Segment Open
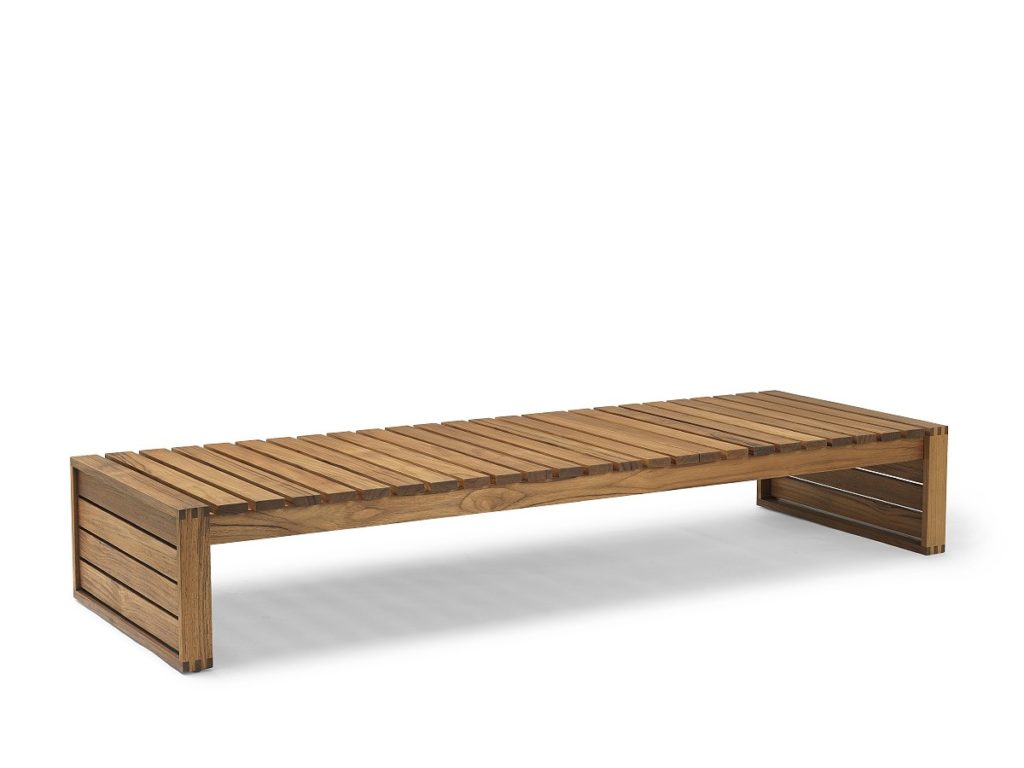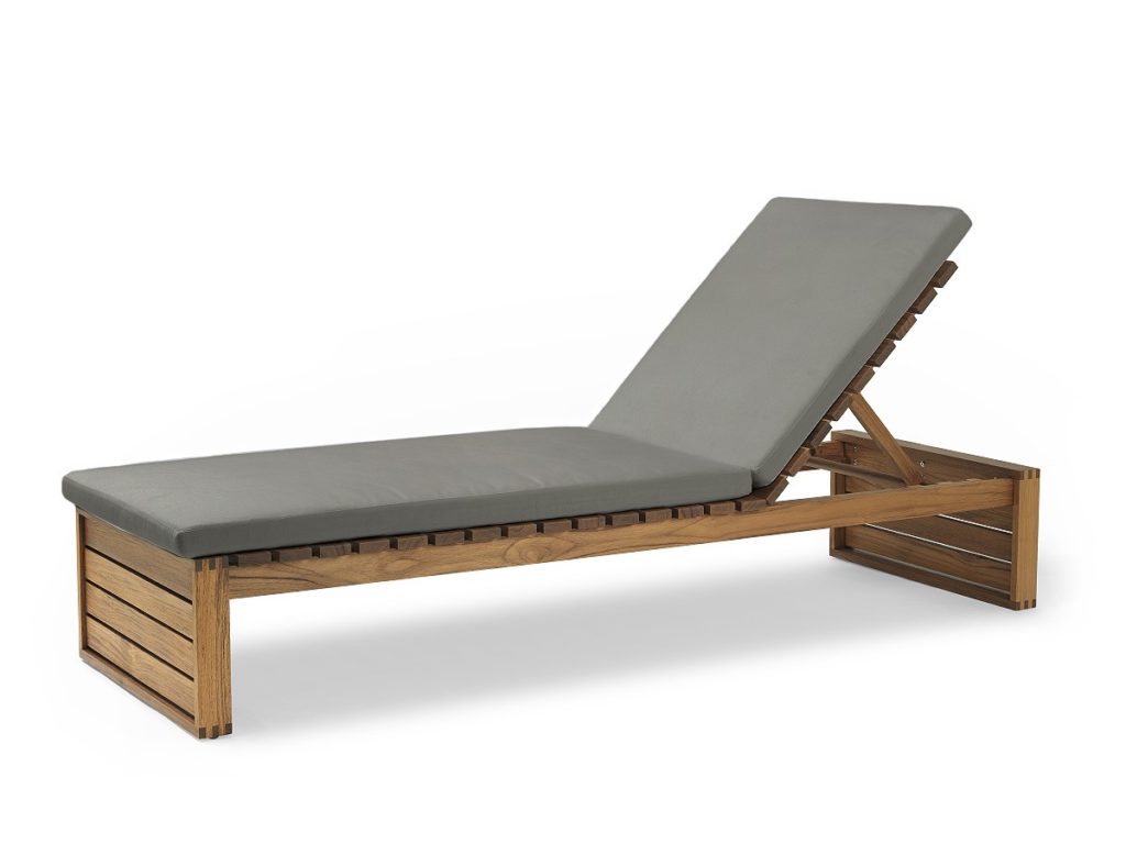 Contemporary and intricately designed to exhibit expert craftsmanship, the elegant BK14 Sunbed is part of the iconic indoor-outdoor series by Danish architect Bodil Kjær. Sleek, streamlined and boasting the utmost comfort, its oiled teak frame patinates over time, resulting in a unique aesthetic that adapts to its natural surroundings. As with the rest of the collection, the sunbed’s construction has a simple geometric quality that can be complemented with an optional cushion, upholstered in weather-resistant Sunbrella fabric. Perfectly utilised as a resting place in the garden or adjusted to embrace the glorious summer weather, the BK14 Sunbed is the ideal addition to any outdoor space.
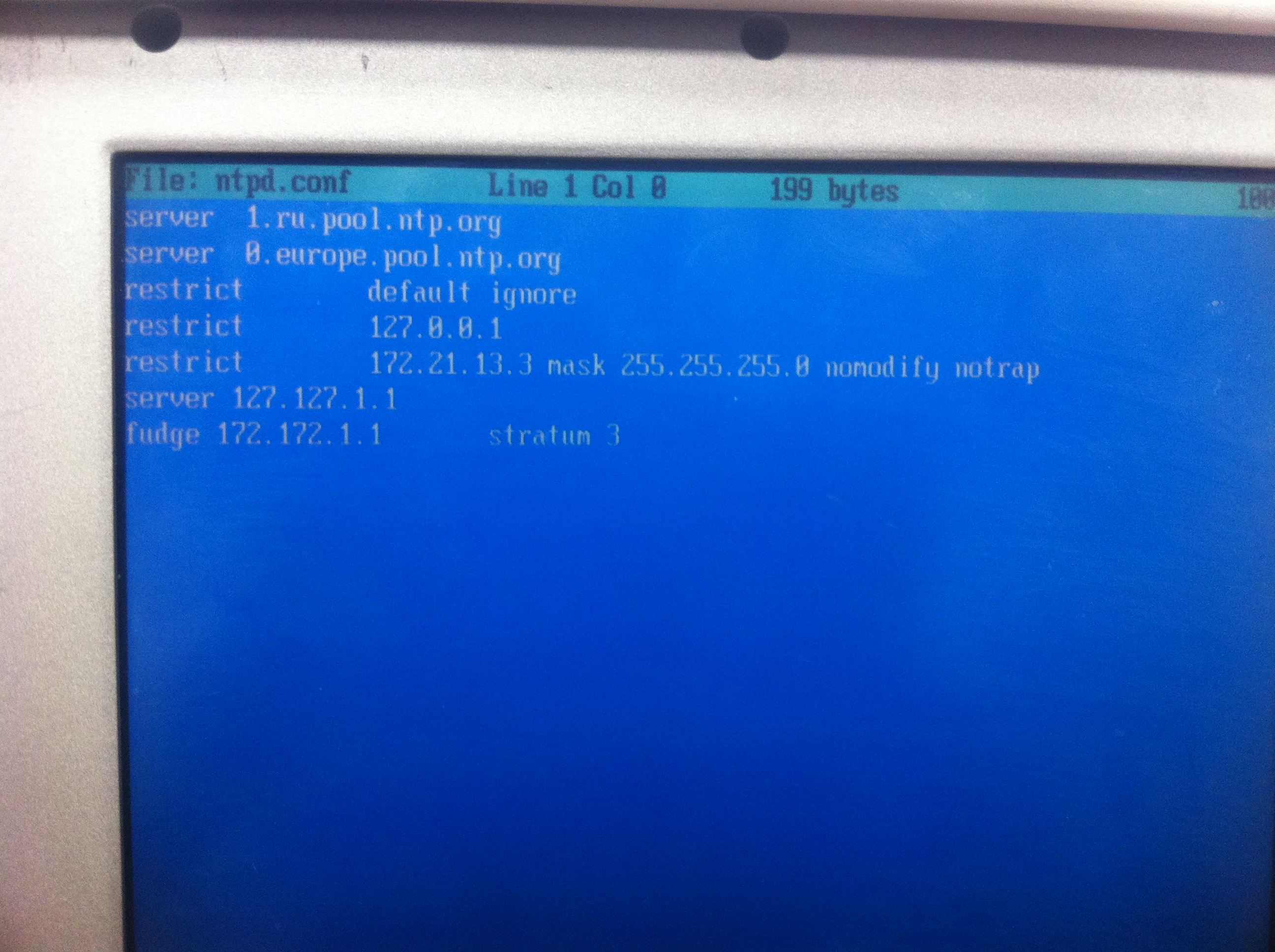 kamehck Posted January 27, 2017 Добрый день! На компе стоит altlinux 2.6.32 и стоит задача организовать синхронизацию времени с ip камер. Выхода в инет с компа и сети нет и не будет. В инете встречал темы, что если нет инета то и с локалки ничего не будет синхронизироваться. Так ли это? Рабочий конфиг ntpd.conf только когда прописаны строки server, на все остальные параметры ругаются. Фото конфига во вложении. Share this post Link to post Share on other sites More sharing options...
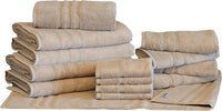 Mosobam Luxury Turkish 14pc Deluxe Bath Bundle Body Hand Face Towel and Mat Light Taupe 700 GSM & 1000 GSM Bamboo Viscose & Aegean Turkish Combed Cotton
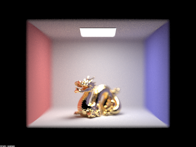 Show a screenshot sequence of 4 images of scene `CBdragon_microfacet_au.dae` rendered with $\alpha$ set to 0.005, 0.05, 0.25 and 0.5. The other settings should be at least 128 samples per pixel and 1 samples per light. The number of bounces should be at least 5. Describe the differences between different images. Note that, to change the $\alpha$, just open the .dae file and search for `microfacet`.
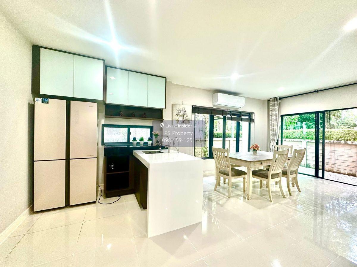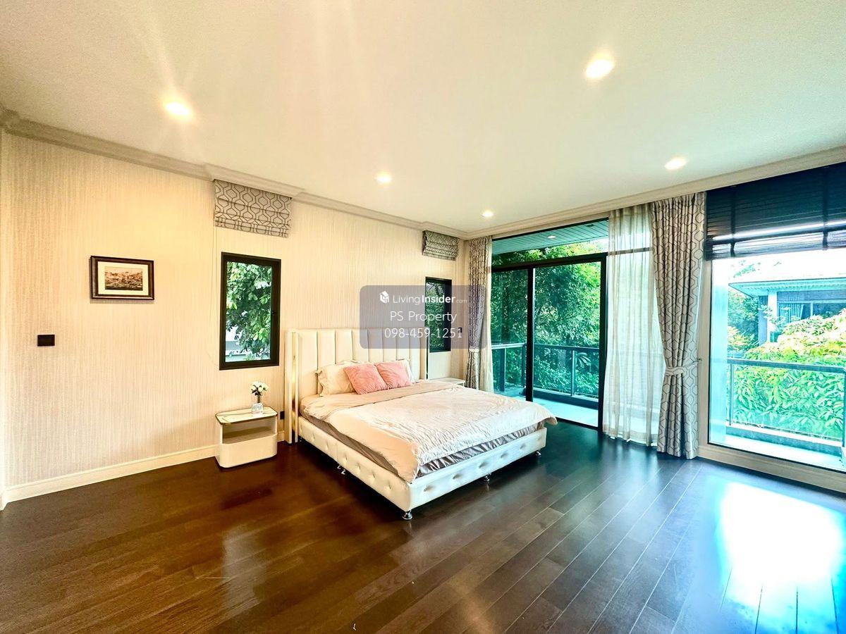 Price: 140,000 baht / month Usable area: 270 sq.m. Area: 73 sq.w. Floor: 2 5 bedrooms / 4 bathrooms / 1 living room / 2 parking spaces Amenities: CCTV, key card Access, fitness center, swimming pool, 24/7 security guard, co-working area, common area. Furniture included: TV, microwave, sofa, refrigerator, bed, air conditioner, water heater, Smoke Dispenser, shelf, TV cabinet, wardrobe, center table. House for rent! convenient transportation, near BTS, near the expressway, fully furnished Ready for viewing. Interested please contact: 📞Call center: Contact number 📱Hotline: Contact number 📲Whatsapp: Contact number 🖱️Line: @psproperty https://lin.ee/d8bpOBs Website: https://www.ps-property.co.th/
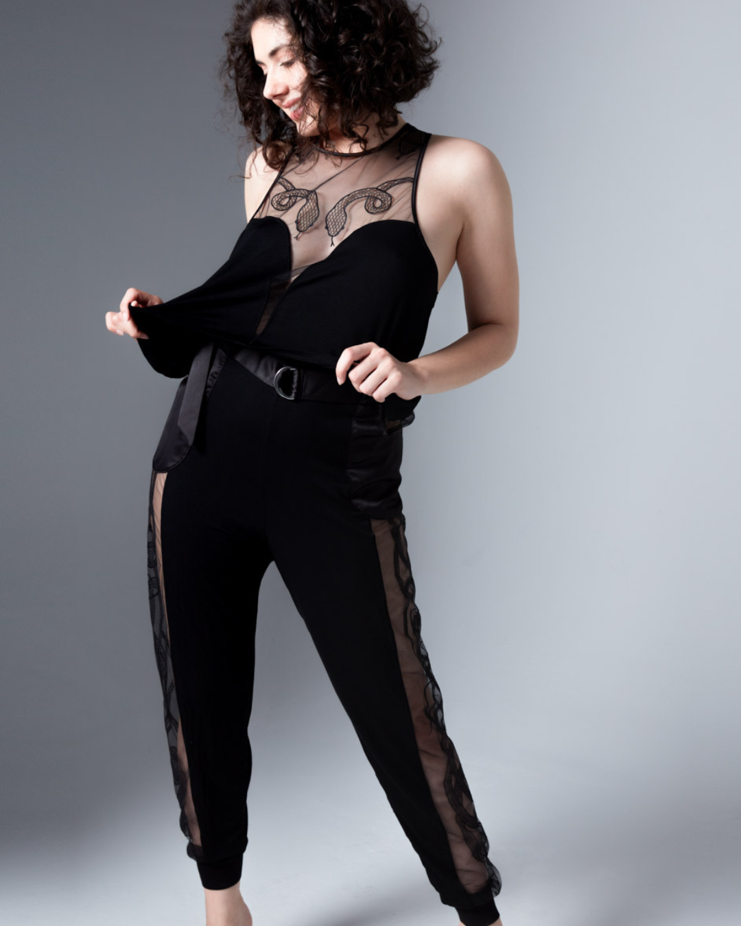 Made from modal jersey the Medusa pant has a soft buttery feel with maximum breathability. Featuring sheer cutout sides, belt and deep set pockets.
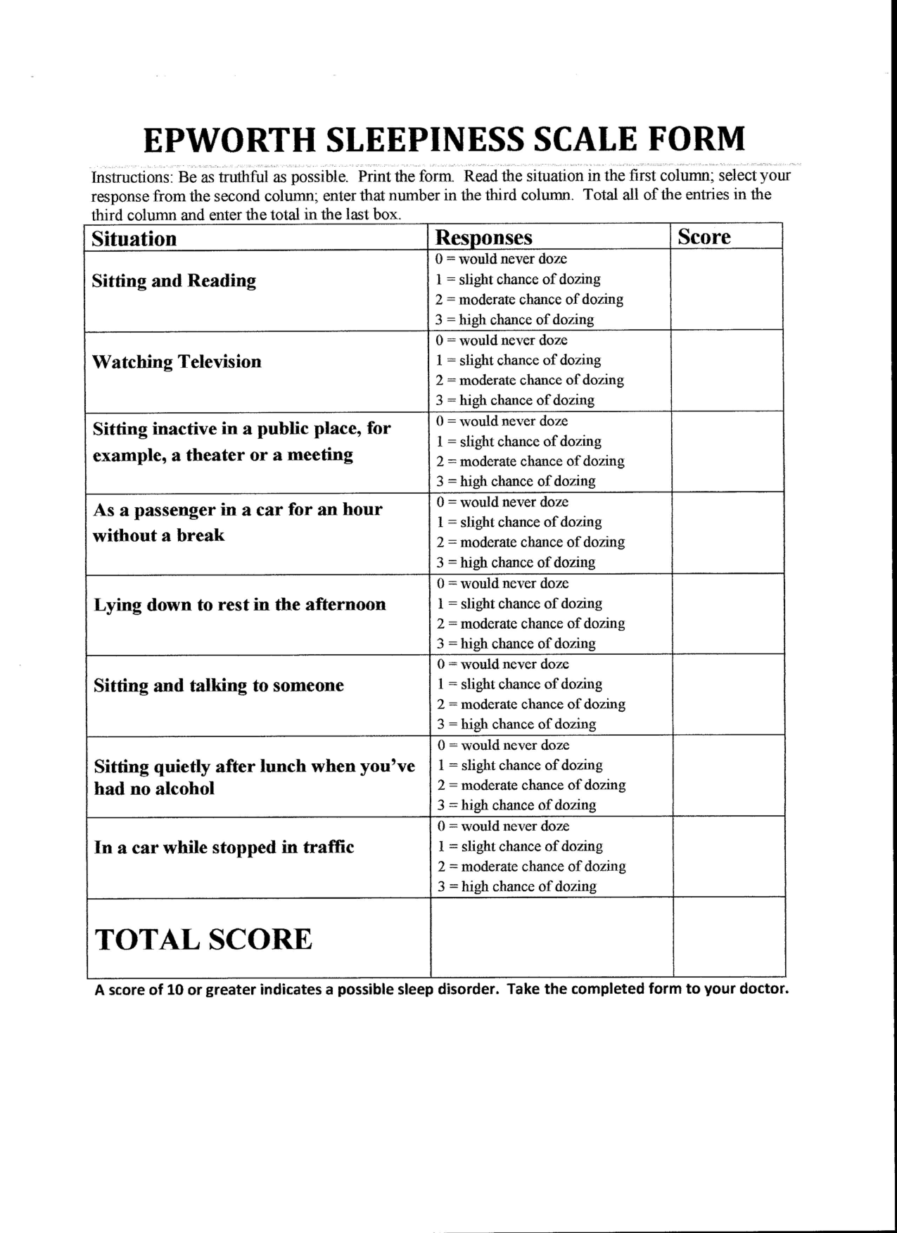For other ways to identify problematic. The epworth sleepiness scale can be used to assess daytime sleepiness. Here is a printable version of the epworth sleepiness scale.
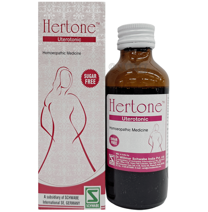 Dr Willmar Schwabe India Hertone Syrup is a uterine tonic that helps in amenorrhoea, menstrual irregularities and dysmenorrhoea. It helps manage symptoms of premenstrual syndrome (PMS) like mood swings, tender breasts, food cravings, fatigue, irritability and depression
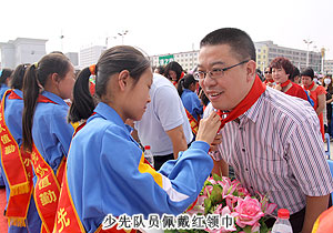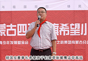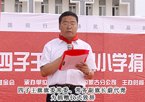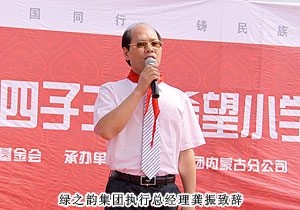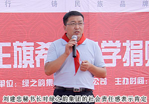 捐贈儀式現(xiàn)場,上百名綠之韻愛心精英共舞《中國人》,昂揚(yáng)的氣勢,莊嚴(yán)的氛圍震撼全場。因為同是中國人,同在藍(lán)天下,所以我們更要像孟子所希望的一樣“老吾老以及人之老,幼吾幼以及人之幼”,奉獻(xiàn)自己力所能及的愛心,為社會輸送溫暖,讓感動在每一個人的心中升溫。少先隊員為蒞臨現(xiàn)場的領(lǐng)導(dǎo)和嘉賓敬獻(xiàn)紅領(lǐng)巾,那一抹鮮紅代表著光榮,代表著感恩,它在每一位愛心人士的胸前飄揚(yáng),讓綠之韻人的責(zé)任更加重大。四子王旗常委、常務(wù)副旗長蔚代青致歡迎辭,對綠之韻集團(tuán)的大愛無疆表示誠摯的謝意和肯定。胡國安董事長發(fā)言,他表示:教育是立國之本,作為優(yōu)秀的企業(yè)公民,綠之韻始終堅持“企業(yè)做大了就是屬于國家、屬于社會的”這一社會責(zé)任理念,為捐建38所綠之韻希望小學(xué)的目標(biāo)堅持不懈。草原是雄鷹的故鄉(xiāng),作為同樣從大山里走出來的孩子,胡國安董事長深深知道每一個孩子心中的夢想,希望孩子們能像鷹一樣,在學(xué)習(xí)中志存高遠(yuǎn),鷹擊長空。
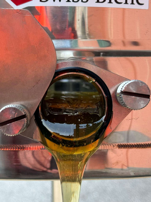 Mit einem Wassergehalt von 17 % liegt er hervorragend in der Norm. Nach der österreichischen Honigverordnung ist nur ein Wassergehalt von bis zu 20 % zulässig. Ziel sollte allerdings immer ein Wert von unter 18 % sein. Sobald man den Quetschhahn öffnet, merkt man jedoch sehr schnell, ob er unter 20 % liegt. Denn wenn er wie Wasser aus der Schleuder rinnt, ist er noch nicht reif! Wenn er sich jedoch auftürmt und alle Waben zu zwei Dritteln gut mit Wachs verdeckelt sind, dann liegt der Wassergehalt ziemlich sicher unter 18 %. 🐝🍯 Nach dem Schleudern ist vor dem Abfüllen. Bis dahin darf der Honig aber erst einmal ein bis zwei Tage in den Eimern ruhen. Und dann ist er auch schon bereit zum Abfüllen.
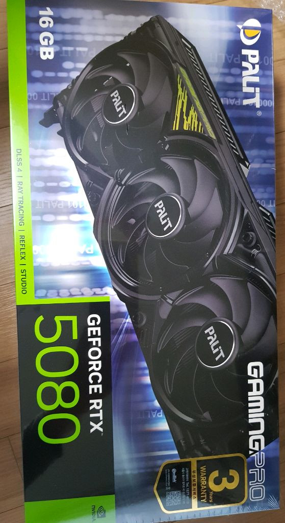 Palit RTX 5080 GAMINGPRO 그래픽 카드 미개봉 제품입니다 3년 워런티 보증 스티커 붙어있습니다 시리얼넘버기준 28년 10월 29일까지 본사 고객센터 직접 확인 해서 영수증 없이도 저 기간인 새 상품입니다 구입일 25년 11월 21일 입니다 영수증 원하시면 당연히 드립니다 중고나라 까페 거래내역은 많은데 앱은 처음이라 고가인 만큼 무조건 직거래 희망합니다 위치는 신림역 5번출구 근처에서 가능합니다 차로 오시면 가까운 곳에 정차 편한 곳 알려드리겠습니다
Segment Closed
▶ [The problem]
When you reach the line holding "Made from modal" in the listing above, begin retyping exactly, and stop once the line holding "Dr Willmar Schwabe" is done; pictures stay out.

▶ [The answer]
 Made from modal jersey the Medusa pant has a soft buttery feel with maximum breathability. Featuring sheer cutout sides, belt and deep set pockets.
For other ways to identify problematic. The epworth sleepiness scale can be used to assess daytime sleepiness. Here is a printable version of the epworth sleepiness scale.
 Dr Willmar Schwabe India Hertone Syrup is a uterine tonic that helps in amenorrhoea, menstrual irregularities and dysmenorrhoea. It helps manage symptoms of premenstrual syndrome (PMS) like mood swings, tender breasts, food cravings, fatigue, irritability and depression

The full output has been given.